### Your objective
Ignoring every picture, return the lines of the listing below word for word, from the line that holds "胳膊一张创意猫头鹰文身作品" through the line that holds "If approved, Rosebank".

### Listed entries
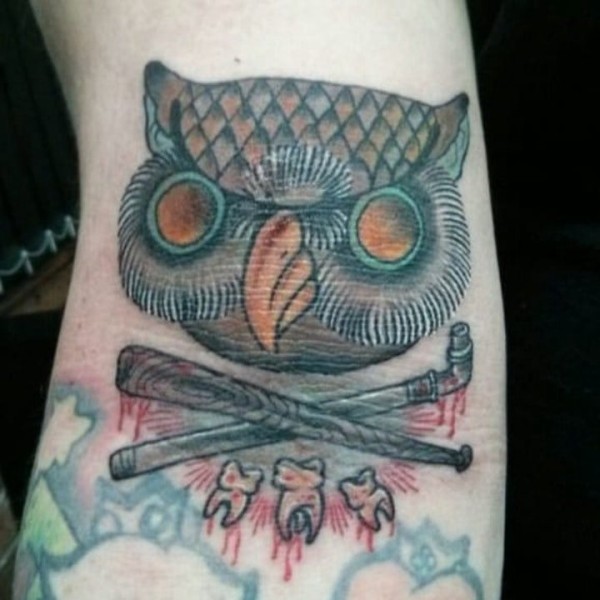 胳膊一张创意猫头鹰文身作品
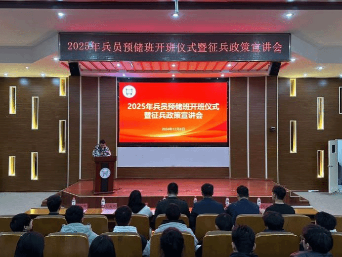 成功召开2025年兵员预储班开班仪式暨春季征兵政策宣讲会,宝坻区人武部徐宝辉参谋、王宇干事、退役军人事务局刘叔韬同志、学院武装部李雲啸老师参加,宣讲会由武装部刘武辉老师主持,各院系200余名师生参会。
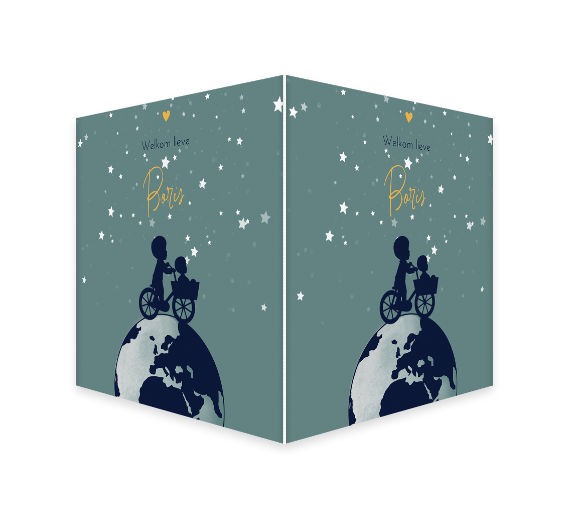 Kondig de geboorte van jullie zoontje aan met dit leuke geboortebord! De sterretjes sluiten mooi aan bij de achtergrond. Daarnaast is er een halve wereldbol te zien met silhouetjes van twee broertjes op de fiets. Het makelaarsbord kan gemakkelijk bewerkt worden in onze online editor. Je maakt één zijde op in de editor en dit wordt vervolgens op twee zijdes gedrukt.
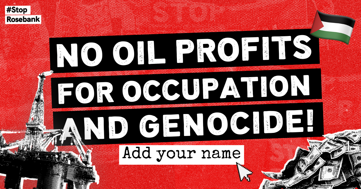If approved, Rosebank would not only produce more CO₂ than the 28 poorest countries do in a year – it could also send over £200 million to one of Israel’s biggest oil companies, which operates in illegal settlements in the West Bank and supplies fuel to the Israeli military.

--

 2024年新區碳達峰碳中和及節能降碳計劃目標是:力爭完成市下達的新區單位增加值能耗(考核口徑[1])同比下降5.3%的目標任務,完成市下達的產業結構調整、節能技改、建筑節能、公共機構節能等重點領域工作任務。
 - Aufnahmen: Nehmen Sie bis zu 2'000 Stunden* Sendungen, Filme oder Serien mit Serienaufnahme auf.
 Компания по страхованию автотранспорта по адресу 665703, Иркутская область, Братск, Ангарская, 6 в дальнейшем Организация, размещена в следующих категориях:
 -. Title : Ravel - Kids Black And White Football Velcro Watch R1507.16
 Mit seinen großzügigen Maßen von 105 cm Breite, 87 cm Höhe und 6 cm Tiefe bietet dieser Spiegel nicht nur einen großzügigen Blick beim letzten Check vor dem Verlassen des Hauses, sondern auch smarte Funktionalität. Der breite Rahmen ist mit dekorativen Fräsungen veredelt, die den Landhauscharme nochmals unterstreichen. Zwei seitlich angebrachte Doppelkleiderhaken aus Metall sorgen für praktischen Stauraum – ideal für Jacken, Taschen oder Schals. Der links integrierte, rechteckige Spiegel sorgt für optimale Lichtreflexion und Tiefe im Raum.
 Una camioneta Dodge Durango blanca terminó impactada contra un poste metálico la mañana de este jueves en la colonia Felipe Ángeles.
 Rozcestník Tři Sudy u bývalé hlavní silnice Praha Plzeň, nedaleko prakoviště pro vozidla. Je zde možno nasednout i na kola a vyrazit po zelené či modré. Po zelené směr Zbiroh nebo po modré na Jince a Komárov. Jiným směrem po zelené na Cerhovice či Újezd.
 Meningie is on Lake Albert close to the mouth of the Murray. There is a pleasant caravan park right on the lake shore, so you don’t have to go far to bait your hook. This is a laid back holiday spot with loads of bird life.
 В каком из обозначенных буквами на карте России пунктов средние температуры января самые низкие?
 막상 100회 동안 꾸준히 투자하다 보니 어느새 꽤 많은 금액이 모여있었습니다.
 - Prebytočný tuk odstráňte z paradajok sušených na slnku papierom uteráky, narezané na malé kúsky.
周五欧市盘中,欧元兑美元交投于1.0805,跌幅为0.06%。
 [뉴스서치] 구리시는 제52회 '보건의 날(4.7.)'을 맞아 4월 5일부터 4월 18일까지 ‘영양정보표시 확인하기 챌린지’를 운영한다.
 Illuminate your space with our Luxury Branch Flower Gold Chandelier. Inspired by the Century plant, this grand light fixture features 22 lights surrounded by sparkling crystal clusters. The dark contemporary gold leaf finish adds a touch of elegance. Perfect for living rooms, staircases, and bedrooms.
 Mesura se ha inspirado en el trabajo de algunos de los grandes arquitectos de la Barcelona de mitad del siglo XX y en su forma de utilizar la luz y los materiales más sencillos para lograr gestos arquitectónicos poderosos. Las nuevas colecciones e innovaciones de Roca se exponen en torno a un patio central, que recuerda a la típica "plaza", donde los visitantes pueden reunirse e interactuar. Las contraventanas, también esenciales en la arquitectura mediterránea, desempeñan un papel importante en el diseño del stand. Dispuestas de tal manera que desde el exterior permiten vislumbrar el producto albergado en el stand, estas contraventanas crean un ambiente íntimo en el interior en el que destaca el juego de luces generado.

### Output for this exercise
 胳膊一张创意猫头鹰文身作品
 成功召开2025年兵员预储班开班仪式暨春季征兵政策宣讲会,宝坻区人武部徐宝辉参谋、王宇干事、退役军人事务局刘叔韬同志、学院武装部李雲啸老师参加,宣讲会由武装部刘武辉老师主持,各院系200余名师生参会。
 Kondig de geboorte van jullie zoontje aan met dit leuke geboortebord! De sterretjes sluiten mooi aan bij de achtergrond. Daarnaast is er een halve wereldbol te zien met silhouetjes van twee broertjes op de fiets. Het makelaarsbord kan gemakkelijk bewerkt worden in onze online editor. Je maakt één zijde op in de editor en dit wordt vervolgens op twee zijdes gedrukt.
If approved, Rosebank would not only produce more CO₂ than the 28 poorest countries do in a year – it could also send over £200 million to one of Israel’s biggest oil companies, which operates in illegal settlements in the West Bank and supplies fuel to the Israeli military.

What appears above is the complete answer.